> [TASK REQUIREMENTS]
Take the lines in the listing below from the line with "- Strap Material: Heavy-duty" up to and including the line with "Kate spade black" and set them down exactly, skipping pictures and adding nothing.

> [DATA SECTION]
====

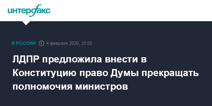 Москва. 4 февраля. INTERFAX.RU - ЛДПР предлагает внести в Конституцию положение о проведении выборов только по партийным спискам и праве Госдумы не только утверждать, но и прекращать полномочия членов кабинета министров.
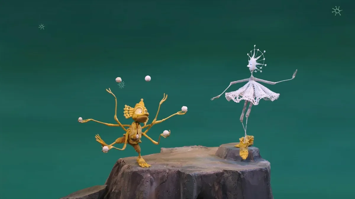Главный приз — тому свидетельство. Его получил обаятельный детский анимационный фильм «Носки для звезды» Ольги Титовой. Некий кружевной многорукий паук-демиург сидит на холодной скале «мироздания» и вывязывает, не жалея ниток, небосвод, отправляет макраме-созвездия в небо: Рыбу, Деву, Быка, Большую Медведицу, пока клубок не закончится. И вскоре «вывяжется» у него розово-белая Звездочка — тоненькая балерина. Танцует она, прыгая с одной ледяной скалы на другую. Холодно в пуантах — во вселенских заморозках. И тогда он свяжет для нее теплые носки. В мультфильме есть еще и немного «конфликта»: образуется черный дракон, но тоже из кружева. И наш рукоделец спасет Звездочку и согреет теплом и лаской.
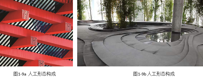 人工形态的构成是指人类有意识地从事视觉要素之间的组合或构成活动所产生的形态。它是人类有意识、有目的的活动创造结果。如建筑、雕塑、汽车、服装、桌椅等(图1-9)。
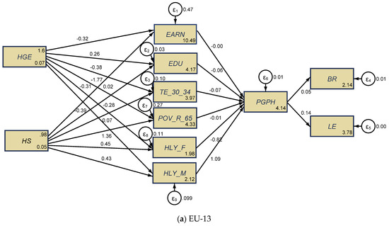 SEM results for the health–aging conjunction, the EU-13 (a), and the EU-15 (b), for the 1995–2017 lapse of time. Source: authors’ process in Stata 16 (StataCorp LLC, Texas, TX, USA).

====

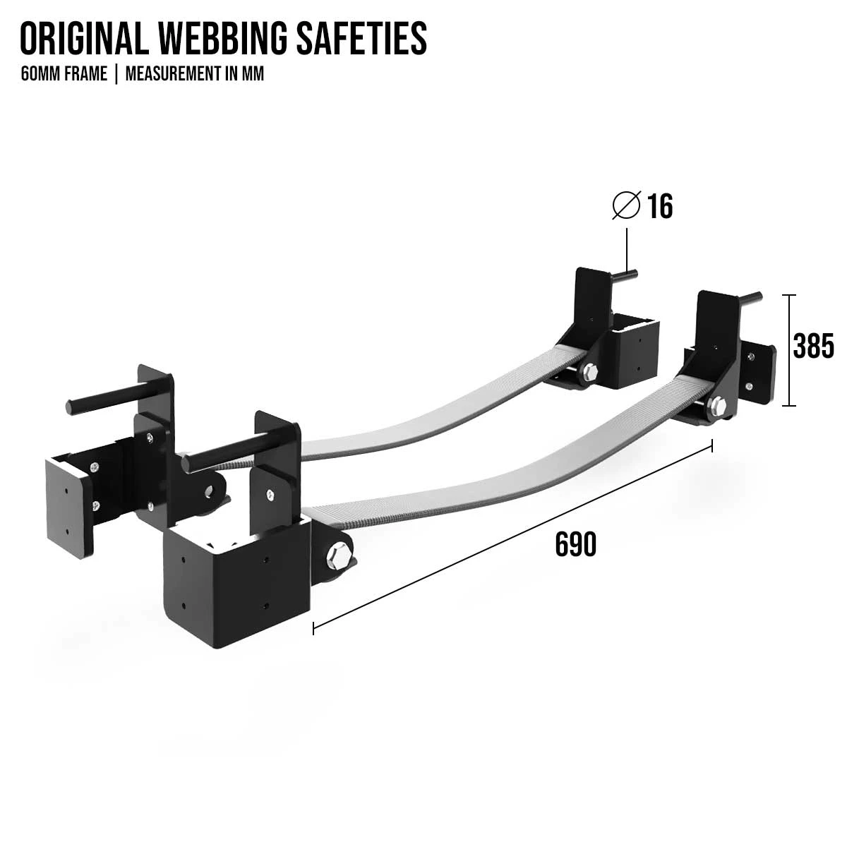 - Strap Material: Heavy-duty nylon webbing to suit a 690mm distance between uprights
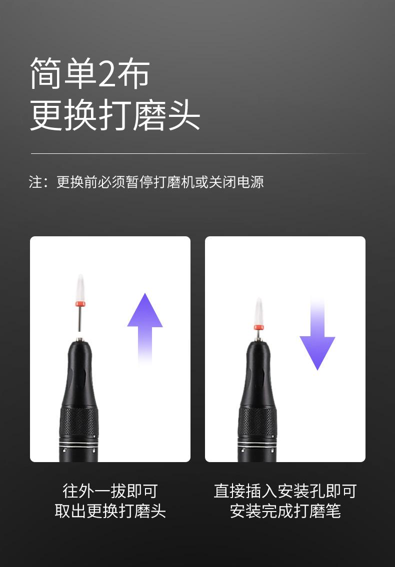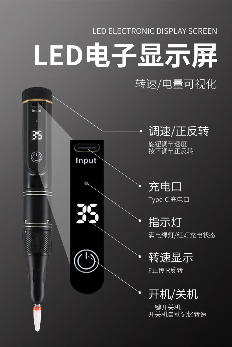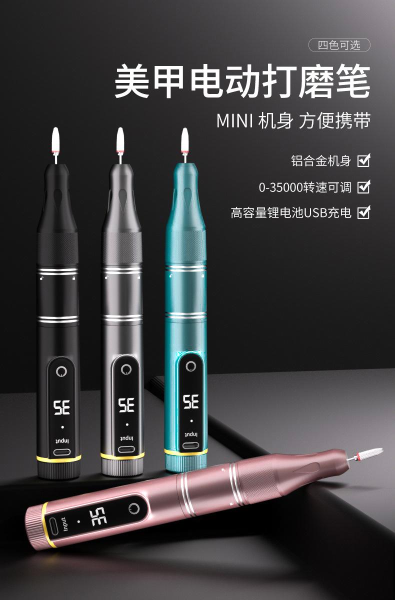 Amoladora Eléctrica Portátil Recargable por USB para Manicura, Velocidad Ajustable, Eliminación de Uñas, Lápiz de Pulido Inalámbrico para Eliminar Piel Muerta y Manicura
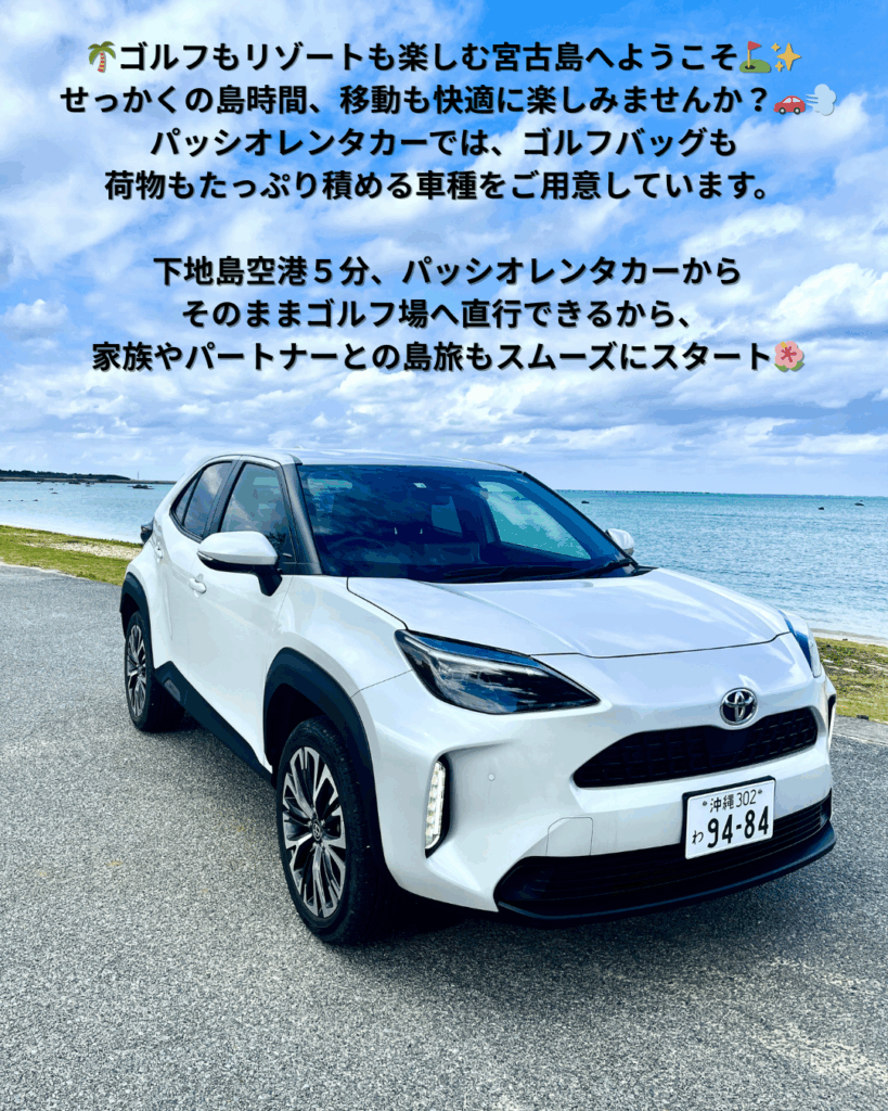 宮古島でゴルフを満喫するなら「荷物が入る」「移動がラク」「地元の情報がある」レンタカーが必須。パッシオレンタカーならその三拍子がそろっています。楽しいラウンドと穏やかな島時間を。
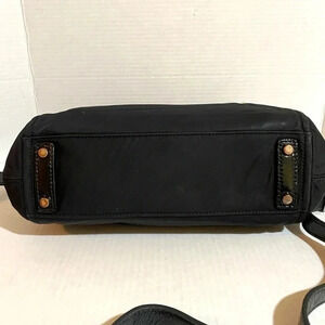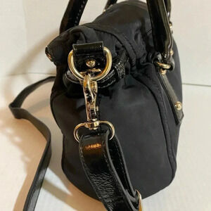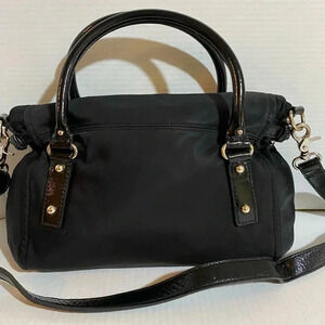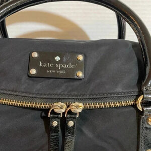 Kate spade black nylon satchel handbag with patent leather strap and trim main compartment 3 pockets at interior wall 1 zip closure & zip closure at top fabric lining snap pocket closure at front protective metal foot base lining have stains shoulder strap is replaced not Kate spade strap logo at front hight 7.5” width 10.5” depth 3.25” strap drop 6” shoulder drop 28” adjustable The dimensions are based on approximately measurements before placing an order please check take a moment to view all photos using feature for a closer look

====

> [EXERCISE OUTPUT]
 - Strap Material: Heavy-duty nylon webbing to suit a 690mm distance between uprights
 Amoladora Eléctrica Portátil Recargable por USB para Manicura, Velocidad Ajustable, Eliminación de Uñas, Lápiz de Pulido Inalámbrico para Eliminar Piel Muerta y Manicura
 宮古島でゴルフを満喫するなら「荷物が入る」「移動がラク」「地元の情報がある」レンタカーが必須。パッシオレンタカーならその三拍子がそろっています。楽しいラウンドと穏やかな島時間を。
 Kate spade black nylon satchel handbag with patent leather strap and trim main compartment 3 pockets at interior wall 1 zip closure & zip closure at top fabric lining snap pocket closure at front protective metal foot base lining have stains shoulder strap is replaced not Kate spade strap logo at front hight 7.5” width 10.5” depth 3.25” strap drop 6” shoulder drop 28” adjustable The dimensions are based on approximately measurements before placing an order please check take a moment to view all photos using feature for a closer look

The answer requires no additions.